Coloque a tubulação da saída do gerador de gotículas para o interior de um tubo PCR de 0,5 mililitro e ajuste a taxa de fluxo da bomba de seringa para dois microliters por minuto, para permitir que o tamanho da gotícula se estabilize antes de coletar a emulsão resultante. Coletar lentamente e cuidadosamente a emulsão do topo do tubo, e transferir 75 microliters da solução para um tubo PCR de 200 microliteres para ciclismo térmico. Em seguida, confirme que o teor de óleo no tubo PCR corresponde de perto ao volume da fase dispersa, para evitar a coalescência das gotículas durante o ciclismo térmico e coloque o tubo de 200 microliter no cicloviário térmico.
Para imagens de fluorescência da amostra emulsificada, transfira a emulsão pcr em um tubo capilar de borossilicato de 50 micrômetros profundos com um perfil retangular, para permitir o arranjo das gotículas em uma monocamada fechada para imagem. Depois de fixar e selar os capilares em um slide de microscópio, carregue o slide no estágio do microscópio invertido. E no software de imagem de microscópio, selecione adquirir e viver rápido, para iniciar a aquisição de câmeras em tempo real.
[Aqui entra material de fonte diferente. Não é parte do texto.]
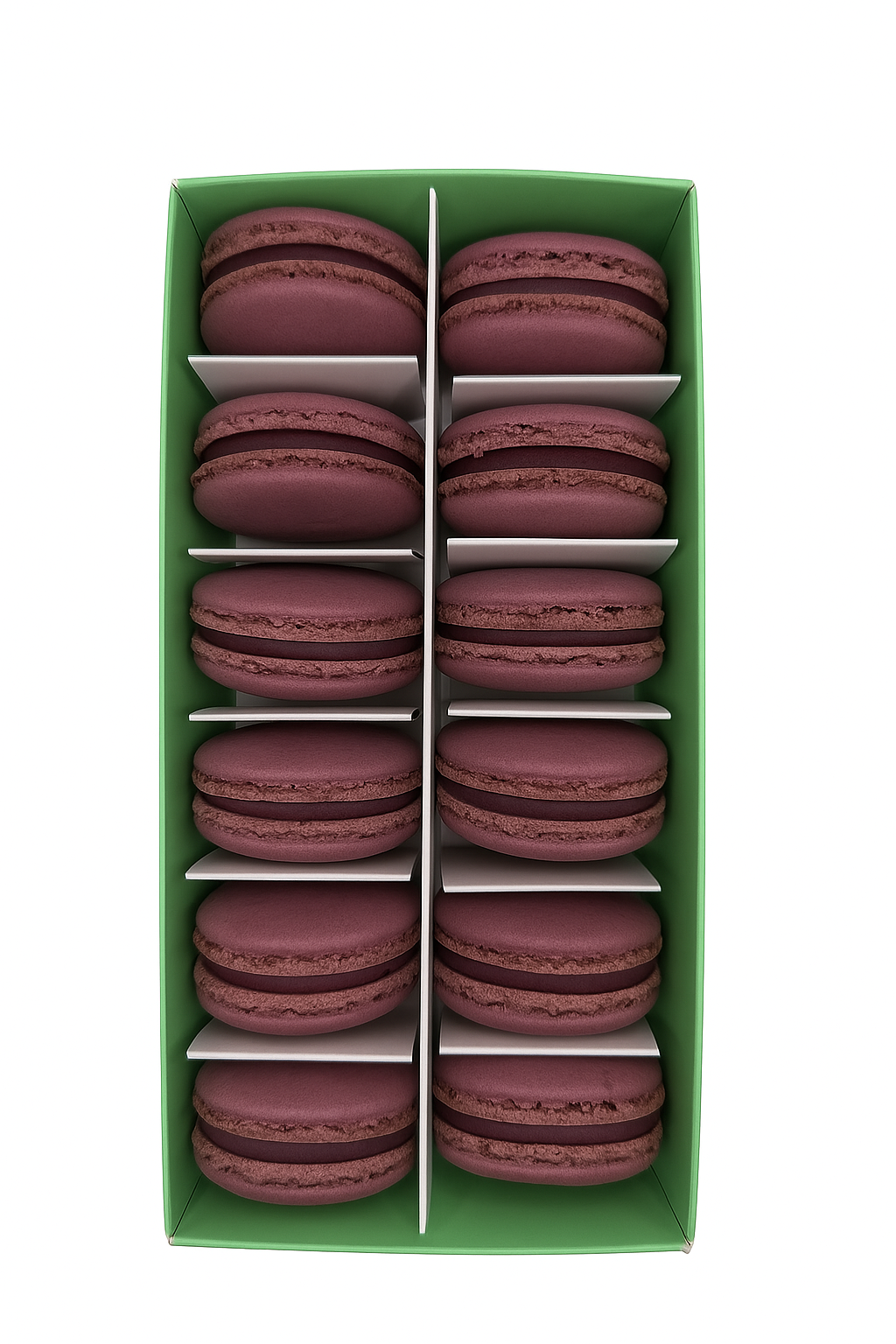 Klasyczny i rozgrzewający. Piernikowy makaronik oddaje istotę korzennych ciasteczek z cynamonem, goździkami i gałką muszkatołową, połączonych z kremem czekoladowym Callebaut.

Em seguida, observe a amostra sob campo brilhante e microscopia de fluorescência. Após a geração de gotículas e o ciclismo térmico, as gotículas podem ser introduzidas em um capilar de vidro com uma largura de um milímetro e uma altura de 50 micrômetros. Para obter uma distribuição monocamada das gotículas ideais para aquisição de imagens de fluorescência, as imagens podem então ser gravadas para cada comprimento de onda.
Após a análise da imagem, a intensidade da fluorescência de todas as gotículas em seus respectivos fluoroforos pode ser traçada para estabelecer o limiar das gotículas positivas e negativas. Após a identificação e contagem, as cópias por gotícula podem ser calculadas, e a porcentagem de células CD3+T, e células T cd4+25+regulamentares podem ser determinadas com base nas cópias metiladas CD3Z e FOXP3, respectivamente, com relação às cópias por gotícula do gene total ou c-less. Os valores por cento podem então ser comparados aos obtidos através de imagens de imunofluorescência usando os anticorpos apropriados.
Penso que a estabilidade da emulsão desde a geração de gotículas até as etapas de ciclismo térmico e de imagem final de gotículas é crucial para obter resultados precisos, confiáveis e reprodutíveis de quantificação. A personalização do MD PCR através da formulação de mixagem pcr sob medida pode ser usada para uma série de aplicações, incluindo pesquisa sobre câncer, diagnóstico de doenças infecciosas e análises no nível único celular.